I had this idea — this great, relatable idea — that I would write a recurring feature on Bad Boyfriends.  Sure, it’s been done; who hasn’t enjoyed the schadenfreude of a really terrible relationship story?  But it felt like every woman I knew had a good one of her own, so the potential for material was endless, and, better yet, hilarious.

Where I hit a wall was when I tried to start with a story of my own.  I would write, I had decided, about an old high school boyfriend: a caricature of adolescent angst and egomania (as are we all, at seventeen).  I knew these stories were funny; I’d told them before to gales of laughter, gasps of disbelief and delicious, vicarious humiliation.  But when I tried to write them down, somehow… they weren’t.

Part of this, I’m sure, must be attributed to my lack of skill.  How many of us think ourselves comedians at a raucous party, when the audience is in the mood to laugh at anything?

But there was something else, too.  Because when writing them down, black on white, the cursor blinking like an expectant inquisitor… these stories weren’t funny.  They were sad, and strange, and way too familiar.

I am not the first to come to this realization, of course.  It is, in some ways, a rite of passage, when we (particularly we women) first recognize and embrace our own experiences.  We laugh at things that should shock us, or disturb us.  But vulnerable people have been laughing at the dark since there have been people, and the dark — and it has never once been the same as turning on a light.

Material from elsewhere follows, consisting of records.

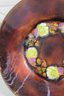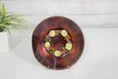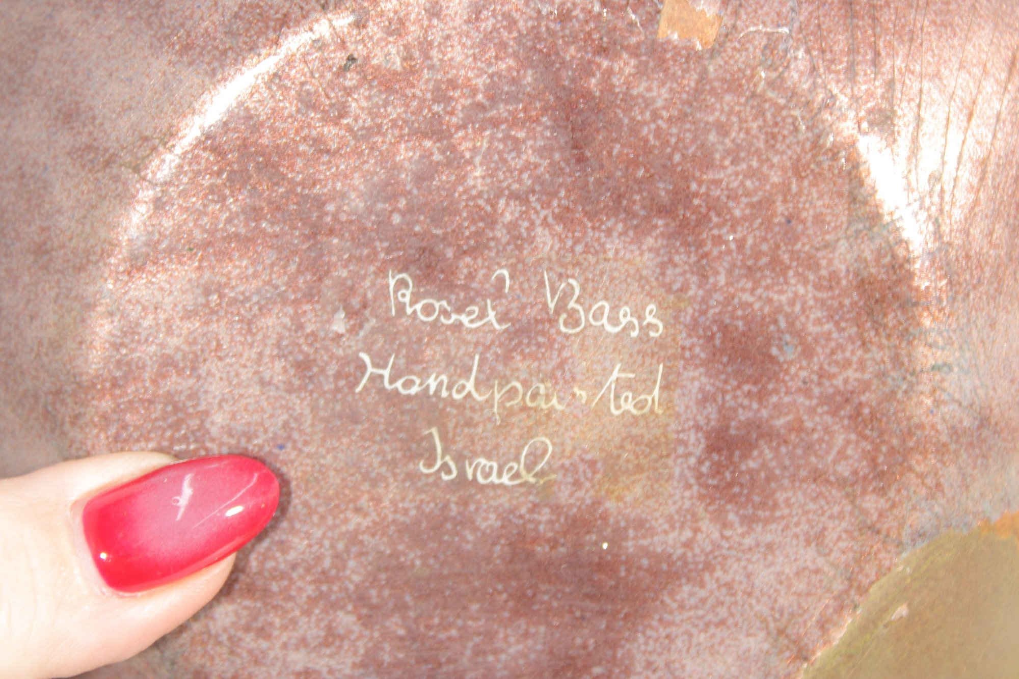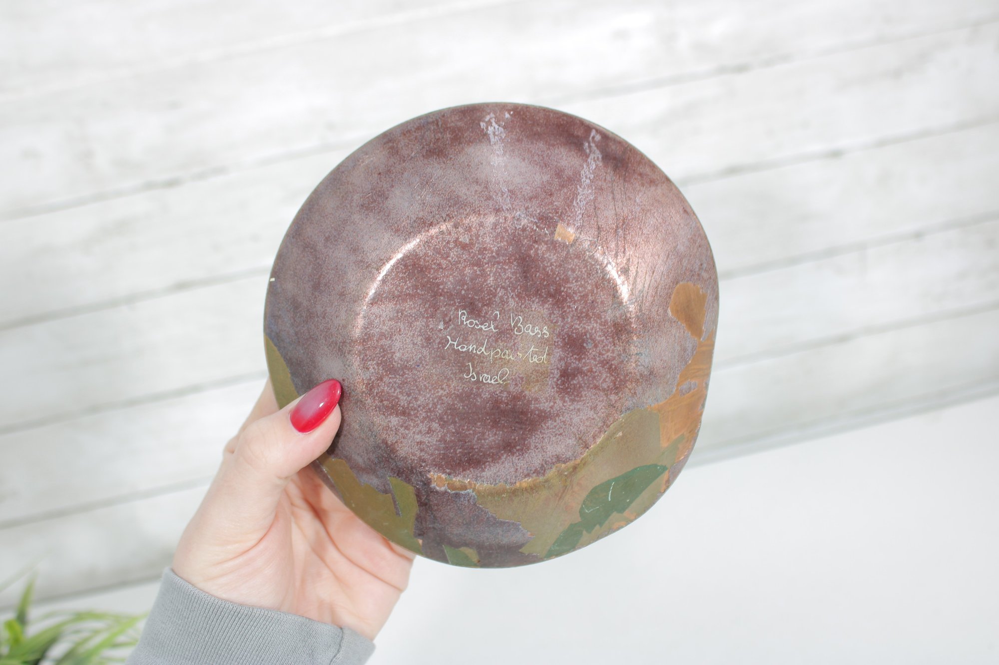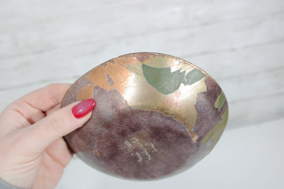 Beautiful vintage enamel on copper bowl by Rosel Bass, hand-painted and signed on the underside “Rosel Bass Handpainted Israel.” This striking 6” bowl features a rich, deep brown enamel exterior with a warm, organic finish, while the interior showcases a vibrant circular motif with abstract floral elements in yellow, green, and subtle pink tones.
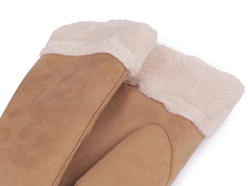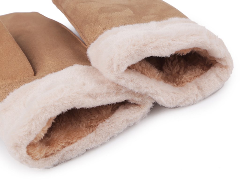 Dámské rukavice palčáky jsou nestárnoucí klasikou, která stylově doplní váš outfit ve městě i na horách. Jsou ozdobené lemem z umělé kožešiny, jejich povrch připomíná broušenou kůži. Uvnitř mají příjemný plyšový kožíšek. Hodí se do zimy, vaše ruce perfektně zahřejí.
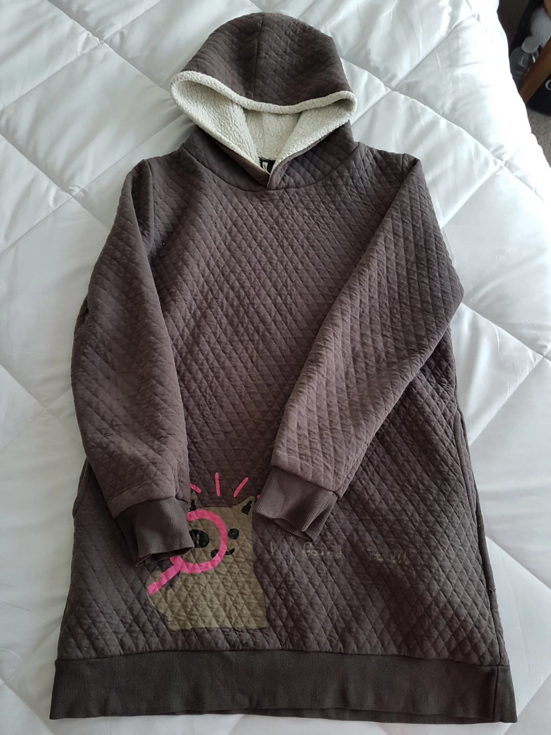 Cozy up in this TITISEA CO. quilted hoodie dress! It's a size L and features a cute design on the front. Perfect for chilly days or lounging around the house; it even has pockets! Please also check out my other listings on this account. This is a no pet/ smoke home. Pick Up Cochrane, Alberta

It wasn’t funny that my boyfriend left me at a movie theater halfway through a date because he didn’t approve of the film.  It wasn’t funny that he blamed me for his religious guilt while sneaking over to fool around.  It wasn’t funny that I had to lie about my good grades to keep him from giving me the silent treatment for days, and it definitely wasn’t funny that, after we broke up, he told a mutual friend that he wanted to see me dead in his yard.

It wasn’t funny that my boyfriend hated women, and resented me.

Maybe I’ll still write these stories the way they sound at a party.  Maybe I’ll get them just the way they sound to that audience primed to laugh and waiting for an excuse.  But maybe, even if I do, there will be a lot of us just laughing at the dark.